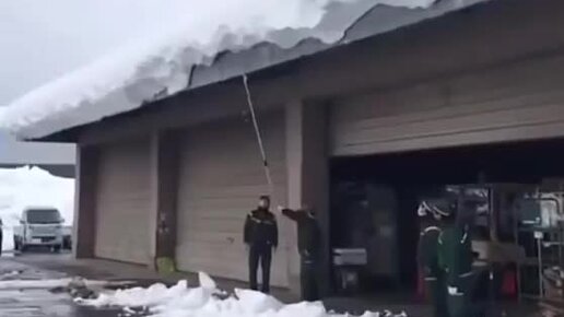 Эффектный способ убрать снег с крыши
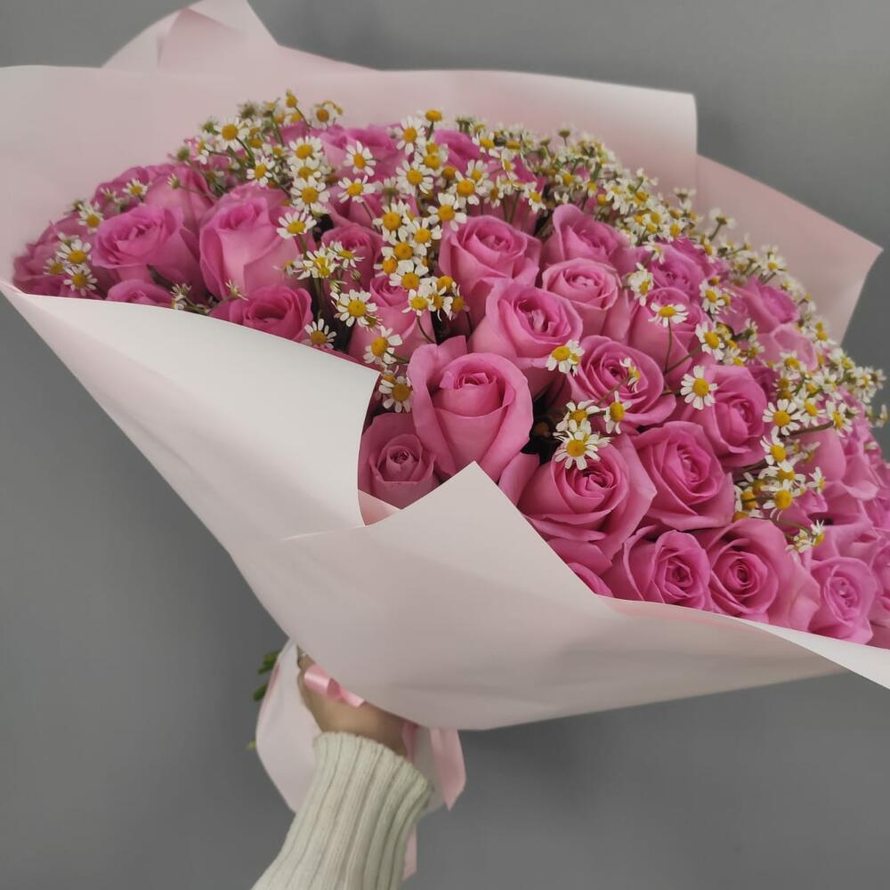 Роза розовая – 91 шт.Ромашка матрикария – 22 шт.
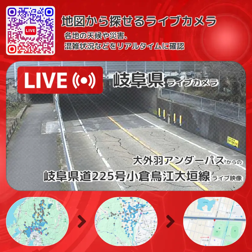 岐阜県道225号小倉烏江大垣線の他に、大外羽アンダーパスや周辺の気象状況も併せてチェックすることが可能で、台風・大雨・地震などの災害による被害状況も把握することができます。
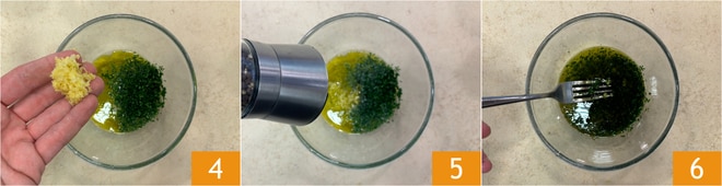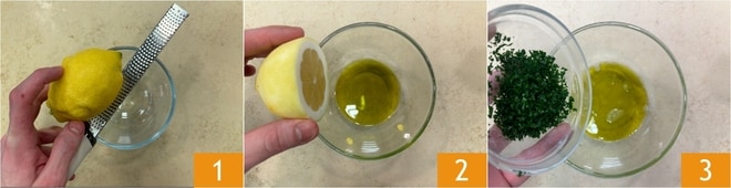 Ajoutez un peu de zeste de citron râpé 4. Assaisonnez avec du sel et du poivre 5 et émulsionnez 6.
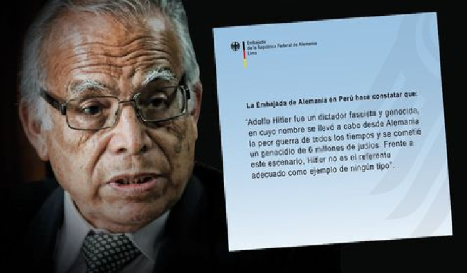 La embajada de Alemania en nuestro país rechazó el discurso del premier, Aníbal Torres en donde elogia al exdictador nazi y lo pone como un ejemplo por levantar a Alemania económicamente.
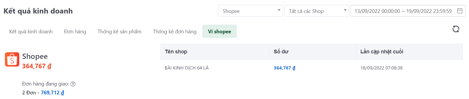 Hiển thị tab Ví shopee khi lọc theo sàn Shopee. Thống kê số dư tài khoản Shopee của các gian hàng Shopee đã liên kết, doanh thu dự kiến và số lượng tất cả các đơn hàng Shopee ở trạng thái đang giao không theo điều kiện lọc.
● ● ● ●
PROBLEM DESCRIPTION: The required output is the lines from the one containing "岐阜県道225号小倉烏江大垣" through the end of the records above, reproduced exactly, with no pictures.

TASK OUTPUT:
 岐阜県道225号小倉烏江大垣線の他に、大外羽アンダーパスや周辺の気象状況も併せてチェックすることが可能で、台風・大雨・地震などの災害による被害状況も把握することができます。
 Ajoutez un peu de zeste de citron râpé 4. Assaisonnez avec du sel et du poivre 5 et émulsionnez 6.
 La embajada de Alemania en nuestro país rechazó el discurso del premier, Aníbal Torres en donde elogia al exdictador nazi y lo pone como un ejemplo por levantar a Alemania económicamente.
 Hiển thị tab Ví shopee khi lọc theo sàn Shopee. Thống kê số dư tài khoản Shopee của các gian hàng Shopee đã liên kết, doanh thu dự kiến và số lượng tất cả các đơn hàng Shopee ở trạng thái đang giao không theo điều kiện lọc.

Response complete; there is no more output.